Right, it's a bit complicated being electronic information (although personally Idon't see why there should be a difference!) Remember in most legal cases a point can be argued either way, even using statutes. Anyway.
Electronic Commerce (EC Directive) Regulations 2002,
8. A service provider shall ensure that any unsolicited commercial communication sent by him by electronic mail is clearly and unambiguously identifiable as such as soon as it is recieved.Judging by that, it is permissable for someone to send you stuff of a commercial nature without you giving permission, and as such having had no dealings with them in the past.
This doesn't say much about where they got the info from though, but you could invoke your rights by requesting all information they hold on you under the
Freedom of Information Act, they would then have to give you
everything they hold on you. If they omit to give you even a single piece of info. including where they got the information on you from they would be breaking the law. Bear in mind though, that they can ask you to pay a
reasonable administration charge for the time and materials taken for doing this for you. (I don't agree with the charge but can't do anything about it!). So if there's any doubt where the info has come from this should provide it.
The provider may have written into their contract that they can use your information in this way and pass it on, however if they don't appy an opportunity to exclude yourself (i.e. a tick box saying you don't want your information used in this way even if you've agreed to the contract, that particular clause would probably come under the
Unfair Terms in Consumer Contracts Regulations 1999 - especially Sections 5 (1), (2), (3), & (4). The effect of this unfair term would come at section 8 (1) & (2) which basically says that the unfair term is then not binding, but also that the contract cannot be repudiated if it is capable of continuing with the clause being removed. So basically, if the above scenario were to be the case you could request that they stop using your info like this and they would have no choice but to stop. If they then continued you could raise an injunction against them. If however, the option was there to participate or not and you just missed it, unless the term were extremely prejudicial in nature with regards your rights and obligations in comparison to theirs, you'd be pretty much screwed and they could continue using your info. in that way.
In comparison though, there is Drective 2000/31/EC (e-commerce) which is a European Directive and in section (14) it goes into a lot of depth re: this subject. There is too much to quote but basically it's talking about the implementation of the directive for allowing free'er movement of information without so much red-tape
but does emphasize that
"the implementation and application of this directive should be made in full compliance with the principles relating to the protection of personal data, in particular as regards unsolicited commercial communication and the liability of intermediaries." The important part there is the liability of the intermediaries, which basically says that intermediaries who pass on personal info. are liable for their actions. Later though, their is a loophole which says that
"this directive cannot prevent the anonymous use of open networks such as the internet." What this basically means is that an organisation may have an agreement that is undocumented and untraceable, and information is passed from an anonymous (and I use that term sarcastically) source, making it impossible to apply the directive to them. It's basically a way of them avoiding their responsibilities.

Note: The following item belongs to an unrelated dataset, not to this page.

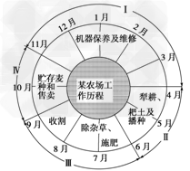 ①城市不断发展,土地买卖日益兴旺? ②政府限制农业的发展 ③全球变暖,不利于香港农业发展? ④农民进人市区寻找高收人工作 A.①② B.①④ C.②③ D.③④ 参考答案: 本题解析:本题考查我国的区域地理和读图分析能力。 本题难度:简单 5、单选题  下图为北半球某农场的工作历程(农事安排)示意图,读图完成1-2题。 参考答案:1、B 本题解析: 本题难度:简单 |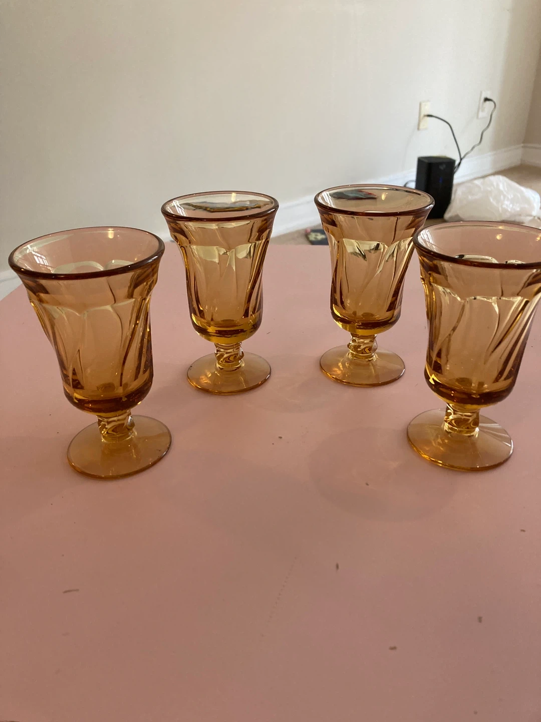 This is a set of four amber-coloured glass goblets. They're made of clear glass with a swirling pattern. These goblets are perfect for serving drinks at special occasions.

Data Protection Act could apply, but you have to remember that a lot of things are excluded or not applicable to Electronic information. It's a bit of a mess really.
Basically, the above gives you an idea though of some of the legislation that covers what you mentioned. Don't know if it's much use to you, but I hope it is. Just shows that there are different ways to apply the legislation under different Acts, Directives etc.
Hope that's a help, and the invoice is in the post!